In this embodiment, one of the channel stacks 312 in the docking mechanism 40 abuts the sleeve 41.

In some embodiments, each angularly-adjustable locating surface 11 is configured to have two energy consuming mechanisms 30, and the sleeve 41 directly lateral to the angularly-adjustable locating surface is sandwiched between the two energy consuming mechanisms 30.

In some embodiments, the mounting holes 311 are hexagonal.

In some embodiments, the sleeve 41 is a polygonal sleeve 41.

In some embodiments, the dissipative filler 32 is bonded to the channel stack 312.

In some embodiments, the dissipative filler 32 is rubber.

In some embodiments, the fastener is a lockbolt.

In some embodiments, the width of shallow groove section 431 and deep groove section 432 is equal to the shank diameter of the lock bolt.

In some embodiments, the length of the shank of the locking bolt is equal to the sum of the depth of the deep groove 432 and the thickness of the sleeve 41.
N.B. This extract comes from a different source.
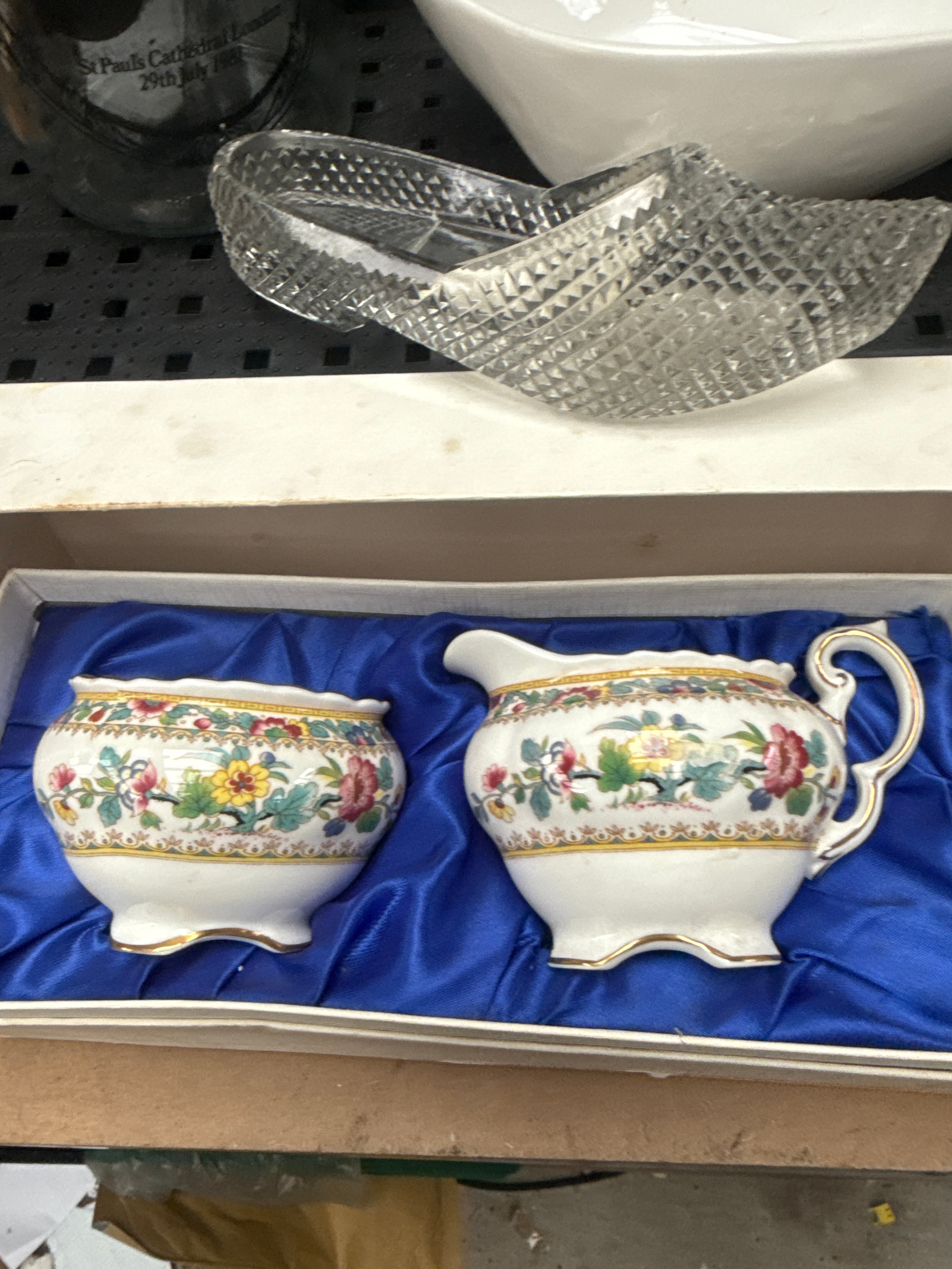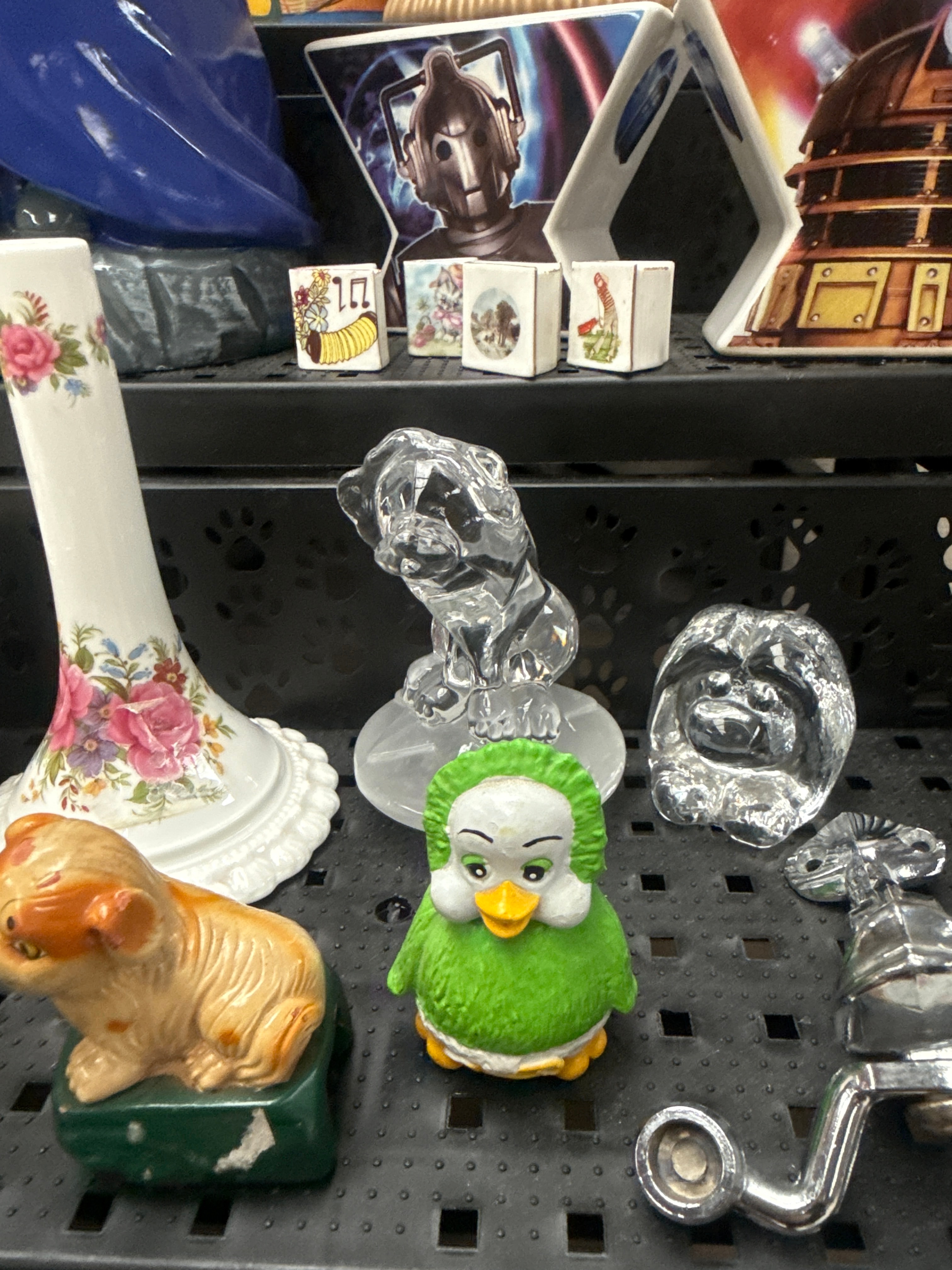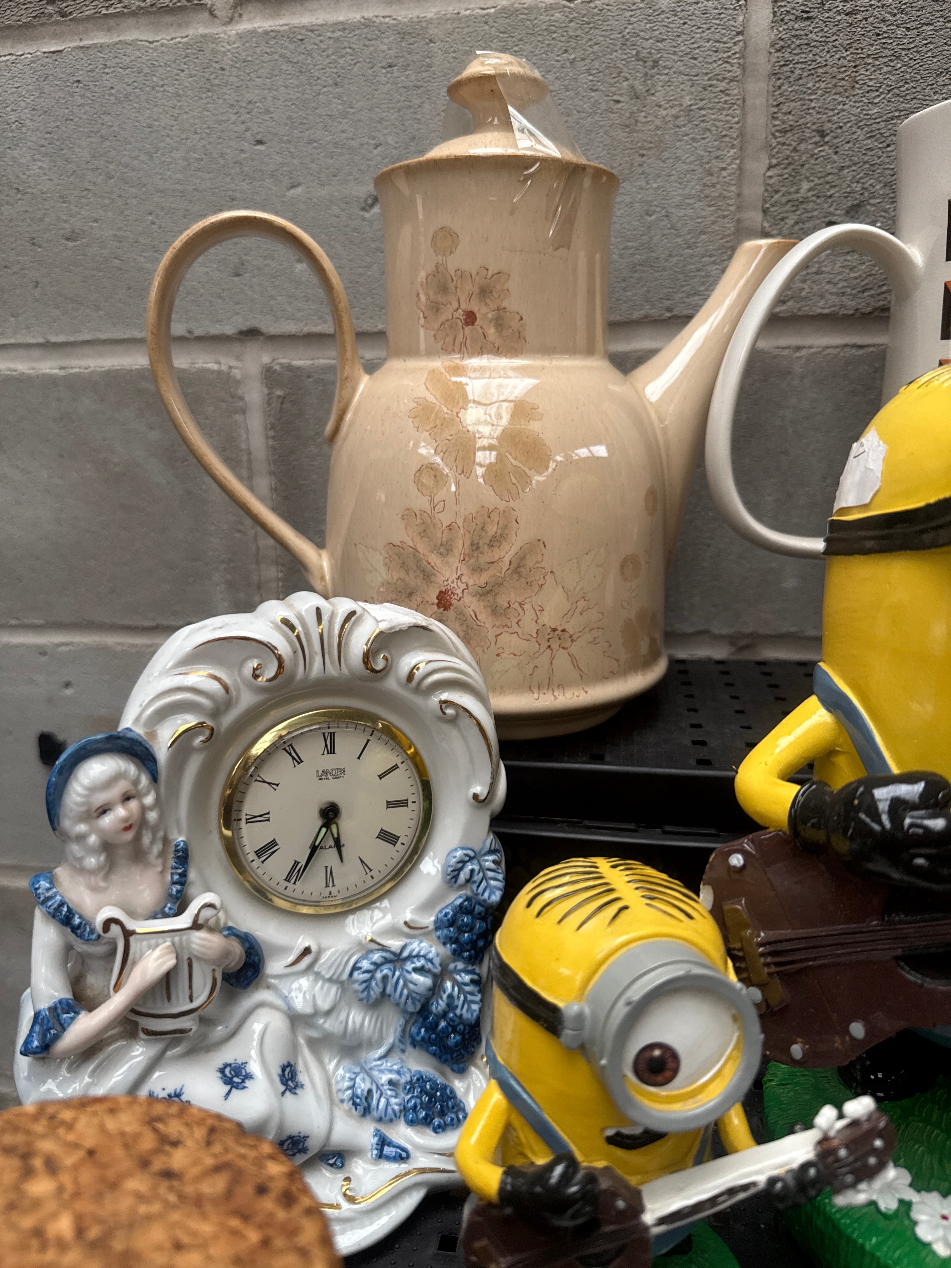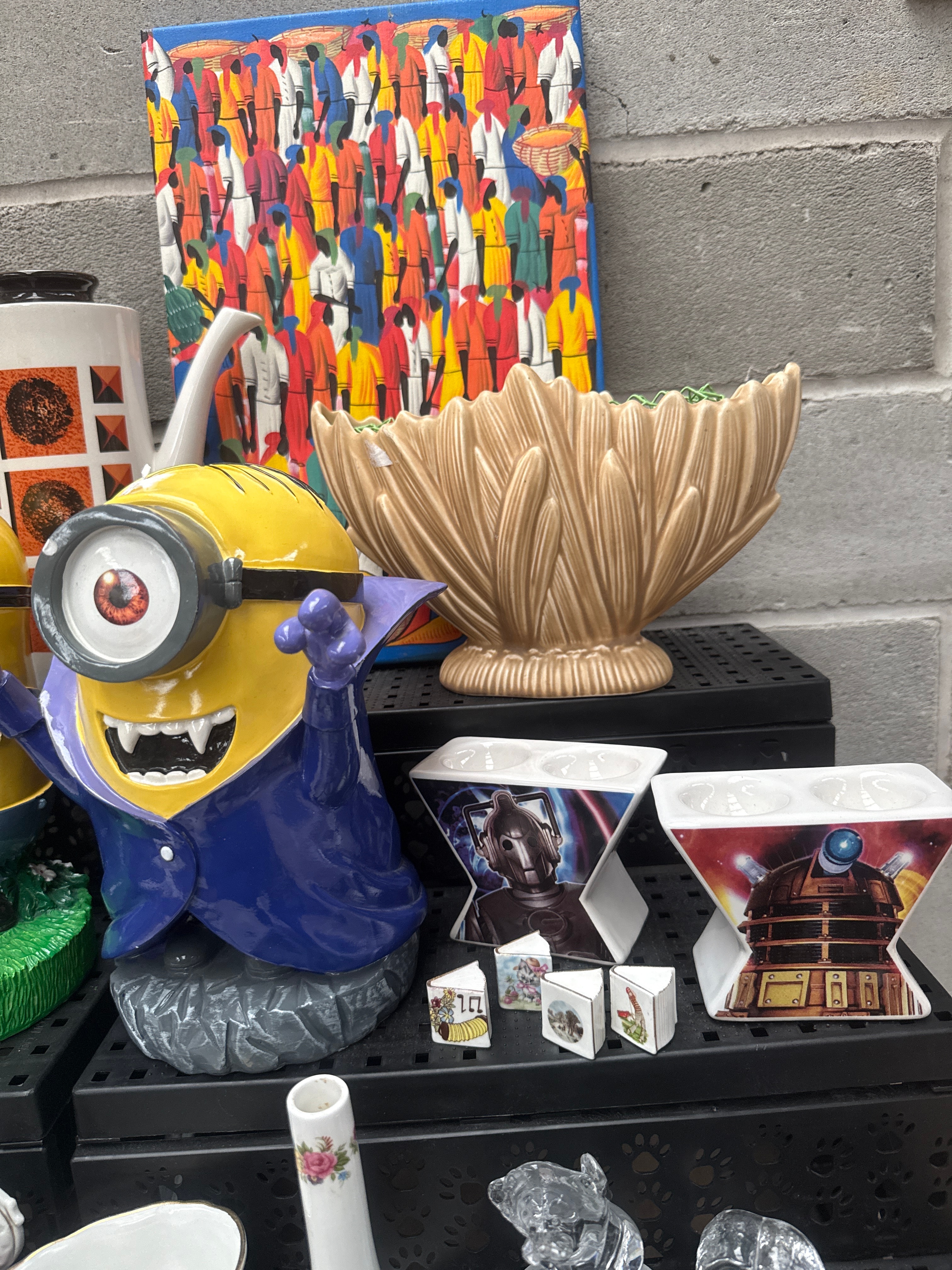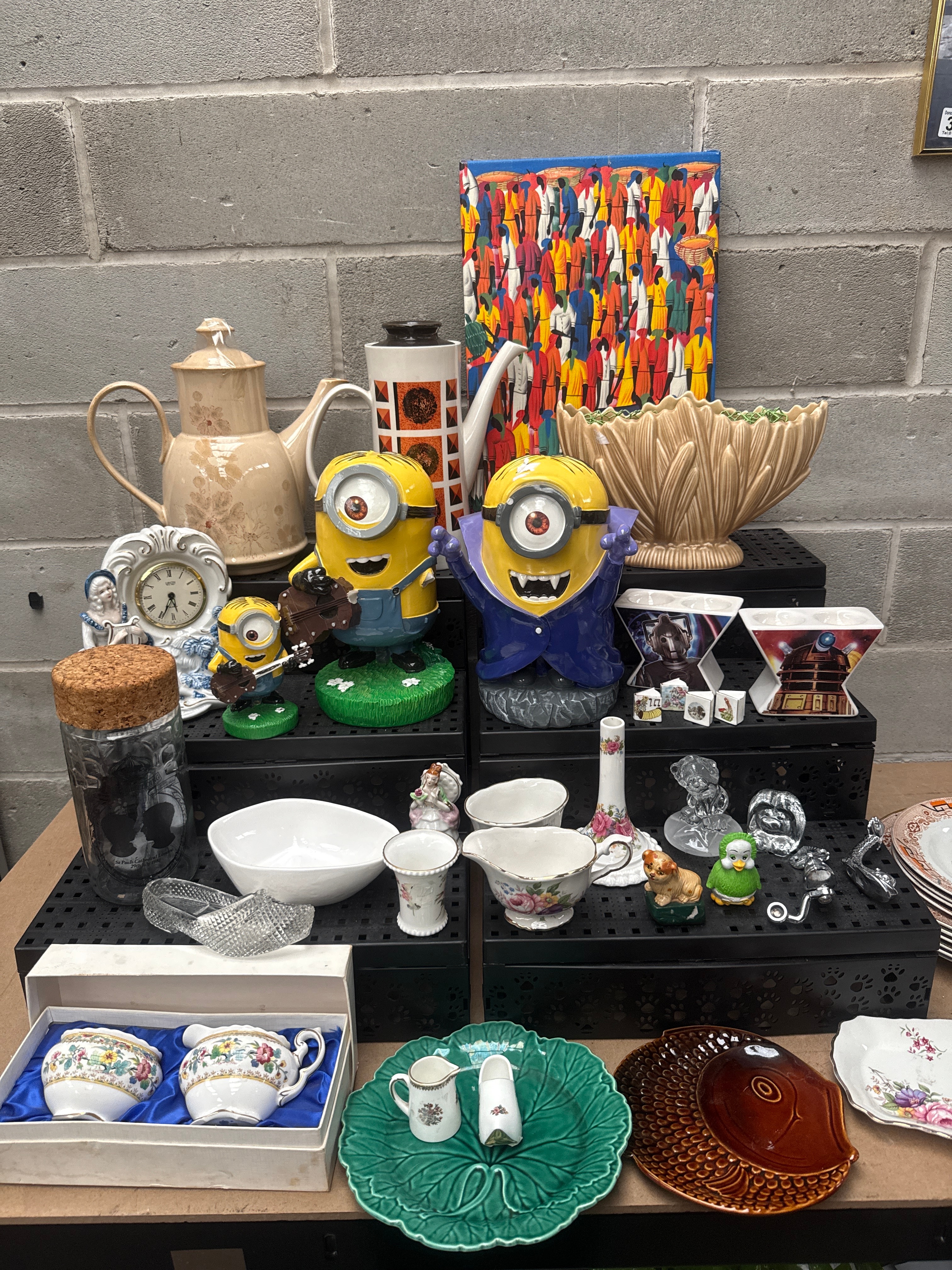 A diverse collection of decorative and functional household items, predominantly crafted from ceramic, glass, and resin. The collection includes three contemporary yellow Minion character figurines, two “Doctor Who” themed ceramic vessels featuring a Cyberman and a Dalek, and a vibrant abstract-figurative painting on canvas depicting a crowd of people. Ceramic items comprise two traditional-style teapots (one beige with subtle floral decals, another white with geometric patterns), a modern fluted earthenware vase, and a white ornate mantel clock by “La Crosse” with a Roman numeral face and a classical female figure. Also present is a boxed set of intricately decorated floral and gold-accented ceramic creamer and sugar, possibly by Coalport. A clear cut-glass slipper, various small ceramic and glass animal figurines (some possibly Sylvac), and an assortment of floral-patterned and textured plates and dishes, including a large green leaf-motif plate, complete the lot. The collection reflects a mix of contemporary novelty items, decorative objects, and domesticware, with potential examples from makers such as Denby, Sylvac, and Coalport.

When in use: the sleeve 41 is directly screwed, the fastening member 44 drives the connection bolt 42 to rotate, so that the connection bolt 42 is screwed into the connection screw hole 111, and as the connection bolt 42 is provided with the elongated sliding groove, the fastening member 44 slides along the shallow groove area 431 and finally moves to the deep groove area 432 along with the continuous entering of the connection bolt 42 into the connection screw hole 111, the fastening member is screwed into the deep groove area 432, and then the two ends of the groove-shaped stacked member 312 in the energy dissipation mechanism are respectively bolted with the column 10 and the rod body 20.

The angle adjustment of the rod piece in the space is realized through the reserved bolt hole position of the steel column and the angle of the steel column surface, so that the requirements of different space grid structures on the angle of the rod piece are met. The space assembly type steel column joint structure is suitable for different rod piece section sizes, does not need on-site welding, is high in construction speed, and reduces construction difficulty and construction cost. The node has the advantages that field welding is not needed, the construction speed is high, the working efficiency is improved, the construction difficulty and the construction cost are reduced, the node has good energy consumption capacity when being subjected to the action of earthquake loads, energy consumption pieces are convenient to replace, and the maintenance cost is reduced.

The above description is only an embodiment of the present invention, but the scope of the present invention is not limited thereto, and any changes or substitutions that are not thought of through the inventive work should be included in the scope of the present invention; no element, act, or instruction used herein should be construed as critical or essential unless explicitly described as such. In addition, as used herein, the articles "a" and "an" are intended to include one or more items, and may be used interchangeably with "one or more". Further, as used herein, the article "the" is intended to include the incorporation of one or more items referenced by the article "the" and may be used interchangeably with "one or more". Further, the phrase "based on" is intended to mean "based, at least in part, on" unless explicitly stated otherwise. In addition, as used herein, the term "or" when used in series is intended to be inclusive and may be used interchangeably with "and/or" unless specifically stated otherwise, e.g., if used in conjunction with "or" only one of.